Страшный зверь - Незнанский Фридрих Евсеевич. Страница 19
Валя сказала, что днем они могут чередоваться с мамой, которая уже была тут и все знает, она и не отказывается. Кажется, шансы доктора падали у него же на глазах, и они у него заметно поскучнели.
«Ах ты, сукин сын!» – думал Турецкий, совершенно не соотнося эти слова с самим собой. Еще чего не хватало! Он решил прямо сегодня же позвонить Косте с тем, чтобы тот срочно обеспечил Валентине приличную материальную помощь от прокуратуры, нечего ссылаться на бедность! Разговор на данную тему был Саше не внове, а вот Вале денежки окажут серьезную материальную поддержку. И пусть Костя только попробует финтить, ему же хуже...
Короче говоря, не прошло и часа, как Валя освободилась, чтобы дать официальные показания по поводу некоторых соображений Александра Борисовича, которые он, как должностное лицо, естественно, тут же и высказал. А для этого им надо было найти подходящее место для разговора под протокол. И с ней, и с ее матерью, которая тоже могла что-то знать о расследовании Германа Николаевича, он ведь жил рядом с ней, возможно, они обменивались мнениями. Аргумент железный, начальник госпиталя вынужден был согласиться с ним и дать свое разрешение на дополнительное дежурство в палате, где находился Герман Николаевич Ванюшин.

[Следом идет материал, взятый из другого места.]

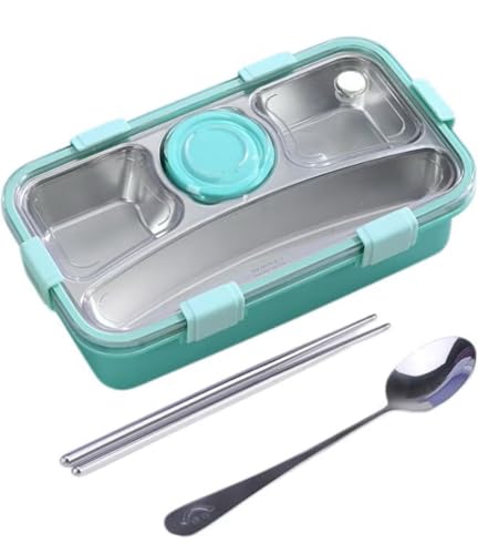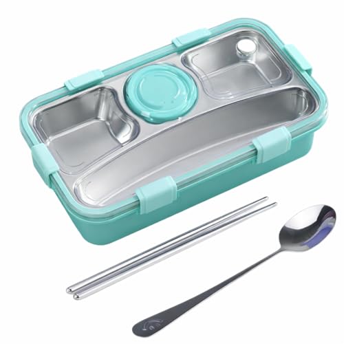 Generic - صندوق غداء بينتو من الستانلس ستيل مع مساحات تخزين، حاوية طعام مانعة للتسرب مع ملعقة وعيدان تناول الطعام (ازرق)

Отпустив Валю, которая пошла в палату, чтобы проверить еще раз, что надо будет привезти для мужа, Турецкий не преминул поинтересоваться у Судакова, как же так случилось, что здесь, в его госпитале, посреди бела дня, был убит бизнесмен Неделин? Это что, халатность чья-то или злой умысел кого-то из персонала? Впрочем, времени на выслушивание подробных объяснений и оправданий руководителя медицинского учреждения у московского следователя в данный момент не было, другие дела торопили, но Александр Борисович пообещал Артемию Георгиевичу, таковы были имя и отчество Судакова, в ближайшее время вернуться к этой теме. На этой многообещающей ноте они и расстались.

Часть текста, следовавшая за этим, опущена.